Top of Source material

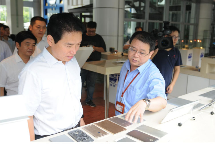 8月23日,陕西省安康市市长赵俊民率党政代表团一行35人在南平市常务副市长伍斌的陪同下到公司参观交流。图为公司副总经理吴世文向赵俊民介绍公司高端I......
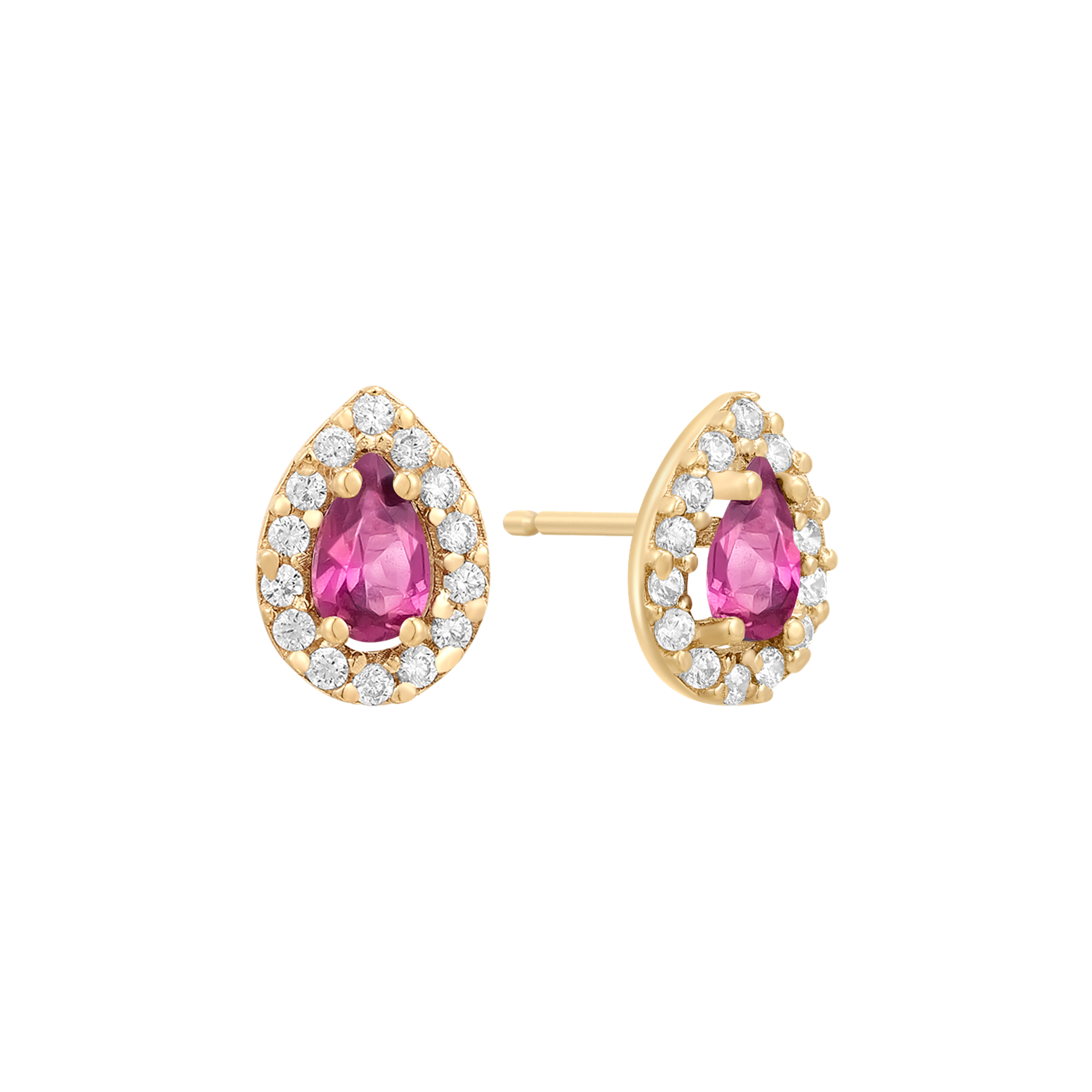 Dråbeformede ørestikker med central pink sten omgivet af klare sten, elegant og symmetrisk design.
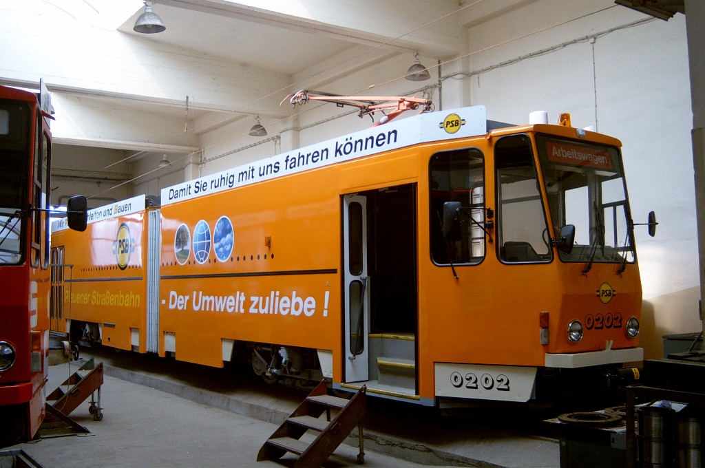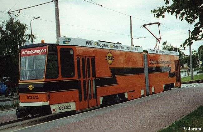 ...das nächste Bild zeigt den Triebwagen 202 im Sommer 1989 am Otto-Grotewohl-Platz. Diese Aufnahme stammt ebenfalls aus meiner Sammlung. Nach einem Umbau bei der Fa. NEOPLAN in Plauen zum ATW0202 ist die Bahn als Gleispflegewagen unterwegs. Die Aufnahme wurde von meinem Vater an der Endstelle Plamag zum Jubiläum 25 Jahre KT4D in Plauen aufgenommen. | ![]() |
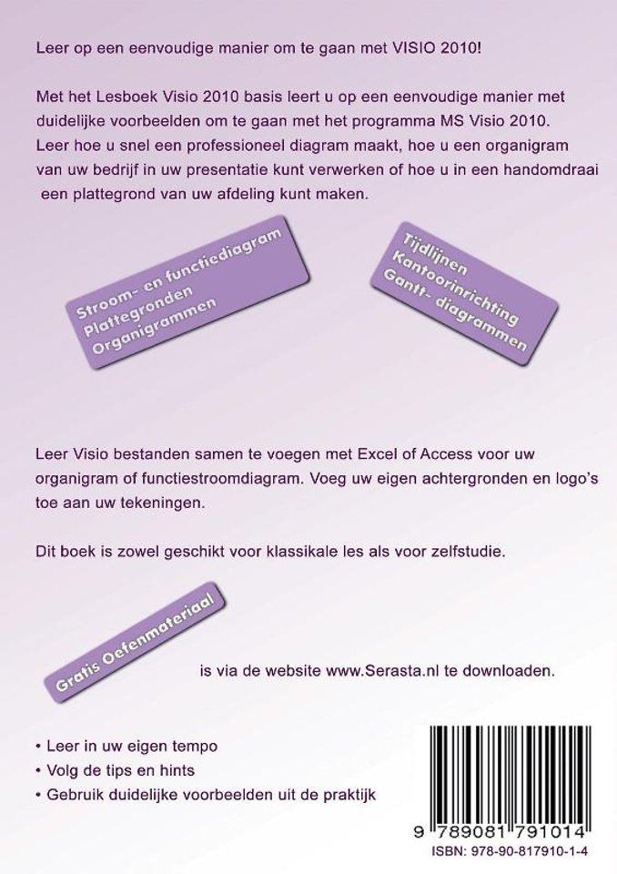 Met het Lesboek Visio 2010 basis leert u op een eenvoudige manier met duidelijke voorbeelden om te gaan met het programma MS Visio 2010. Leer hoe u snel een professioneel diagram maakt, hoe u een organigram van uw bedrijf in uw presentatie kunt verwerken of hoe u in een handomdraai een plattegrond van uw afdeling kunt maken.
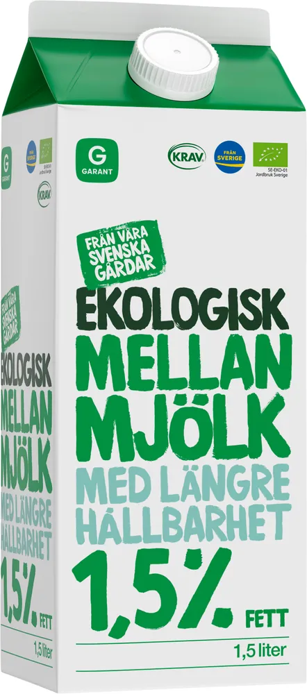 Ekologisk mellanmjölk med längre hållbarhet. Från Svenska gårdar. Fetthalt 1,5%. 1,5 liter.

Bottom of Source material

### Aim of the exercise
Write out the records above exactly. Begin with the first line, end with the line holding "Met het Lesboek", and drop the pictures.

### Solution for this problem
 8月23日,陕西省安康市市长赵俊民率党政代表团一行35人在南平市常务副市长伍斌的陪同下到公司参观交流。图为公司副总经理吴世文向赵俊民介绍公司高端I......
 Dråbeformede ørestikker med central pink sten omgivet af klare sten, elegant og symmetrisk design.
 ...das nächste Bild zeigt den Triebwagen 202 im Sommer 1989 am Otto-Grotewohl-Platz. Diese Aufnahme stammt ebenfalls aus meiner Sammlung. Nach einem Umbau bei der Fa. NEOPLAN in Plauen zum ATW0202 ist die Bahn als Gleispflegewagen unterwegs. Die Aufnahme wurde von meinem Vater an der Endstelle Plamag zum Jubiläum 25 Jahre KT4D in Plauen aufgenommen. | ![]() |
 Met het Lesboek Visio 2010 basis leert u op een eenvoudige manier met duidelijke voorbeelden om te gaan met het programma MS Visio 2010. Leer hoe u snel een professioneel diagram maakt, hoe u een organigram van uw bedrijf in uw presentatie kunt verwerken of hoe u in een handomdraai een plattegrond van uw afdeling kunt maken.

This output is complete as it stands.